EXERCISE: Repeat, exactly and in full, the lines of the listing below, but without any pictures.

SUPPLIED DATA:
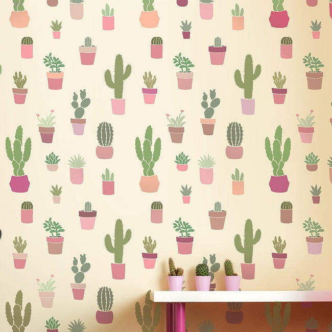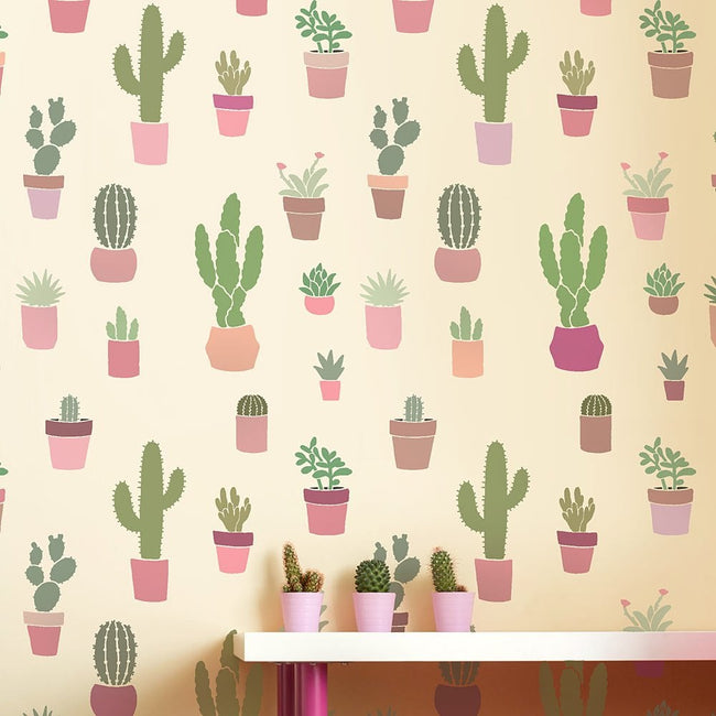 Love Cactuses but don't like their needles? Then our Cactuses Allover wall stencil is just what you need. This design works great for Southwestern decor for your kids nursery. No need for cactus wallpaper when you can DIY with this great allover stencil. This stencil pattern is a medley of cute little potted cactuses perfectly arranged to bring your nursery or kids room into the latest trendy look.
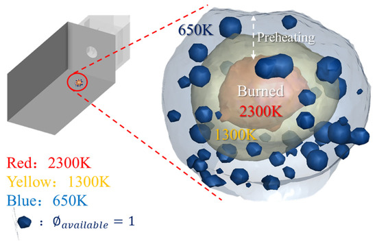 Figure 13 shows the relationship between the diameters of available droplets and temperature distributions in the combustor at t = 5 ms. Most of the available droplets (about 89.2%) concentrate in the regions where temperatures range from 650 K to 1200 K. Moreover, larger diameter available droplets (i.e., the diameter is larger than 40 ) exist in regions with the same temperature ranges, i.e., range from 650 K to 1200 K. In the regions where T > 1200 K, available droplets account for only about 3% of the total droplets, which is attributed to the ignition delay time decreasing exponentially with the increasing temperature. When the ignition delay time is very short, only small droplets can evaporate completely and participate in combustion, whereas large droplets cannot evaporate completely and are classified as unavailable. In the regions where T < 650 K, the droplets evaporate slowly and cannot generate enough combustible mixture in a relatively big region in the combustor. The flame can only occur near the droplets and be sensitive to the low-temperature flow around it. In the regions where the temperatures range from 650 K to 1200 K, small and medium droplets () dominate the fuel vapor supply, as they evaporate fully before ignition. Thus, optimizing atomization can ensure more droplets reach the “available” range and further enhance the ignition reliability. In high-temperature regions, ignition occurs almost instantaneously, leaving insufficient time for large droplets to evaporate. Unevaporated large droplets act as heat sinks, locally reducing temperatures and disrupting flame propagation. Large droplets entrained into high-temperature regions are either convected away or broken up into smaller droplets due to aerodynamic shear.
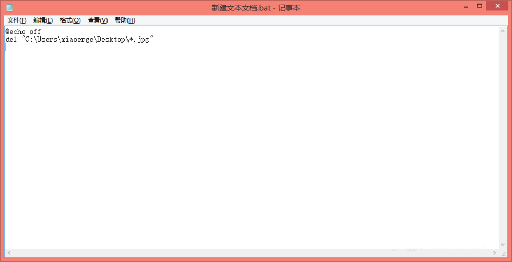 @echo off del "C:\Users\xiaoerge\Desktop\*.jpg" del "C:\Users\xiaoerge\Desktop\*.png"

EXPECTED ANSWER:
 Love Cactuses but don't like their needles? Then our Cactuses Allover wall stencil is just what you need. This design works great for Southwestern decor for your kids nursery. No need for cactus wallpaper when you can DIY with this great allover stencil. This stencil pattern is a medley of cute little potted cactuses perfectly arranged to bring your nursery or kids room into the latest trendy look.
 Figure 13 shows the relationship between the diameters of available droplets and temperature distributions in the combustor at t = 5 ms. Most of the available droplets (about 89.2%) concentrate in the regions where temperatures range from 650 K to 1200 K. Moreover, larger diameter available droplets (i.e., the diameter is larger than 40 ) exist in regions with the same temperature ranges, i.e., range from 650 K to 1200 K. In the regions where T > 1200 K, available droplets account for only about 3% of the total droplets, which is attributed to the ignition delay time decreasing exponentially with the increasing temperature. When the ignition delay time is very short, only small droplets can evaporate completely and participate in combustion, whereas large droplets cannot evaporate completely and are classified as unavailable. In the regions where T < 650 K, the droplets evaporate slowly and cannot generate enough combustible mixture in a relatively big region in the combustor. The flame can only occur near the droplets and be sensitive to the low-temperature flow around it. In the regions where the temperatures range from 650 K to 1200 K, small and medium droplets () dominate the fuel vapor supply, as they evaporate fully before ignition. Thus, optimizing atomization can ensure more droplets reach the “available” range and further enhance the ignition reliability. In high-temperature regions, ignition occurs almost instantaneously, leaving insufficient time for large droplets to evaporate. Unevaporated large droplets act as heat sinks, locally reducing temperatures and disrupting flame propagation. Large droplets entrained into high-temperature regions are either convected away or broken up into smaller droplets due to aerodynamic shear.
 @echo off del "C:\Users\xiaoerge\Desktop\*.jpg" del "C:\Users\xiaoerge\Desktop\*.png"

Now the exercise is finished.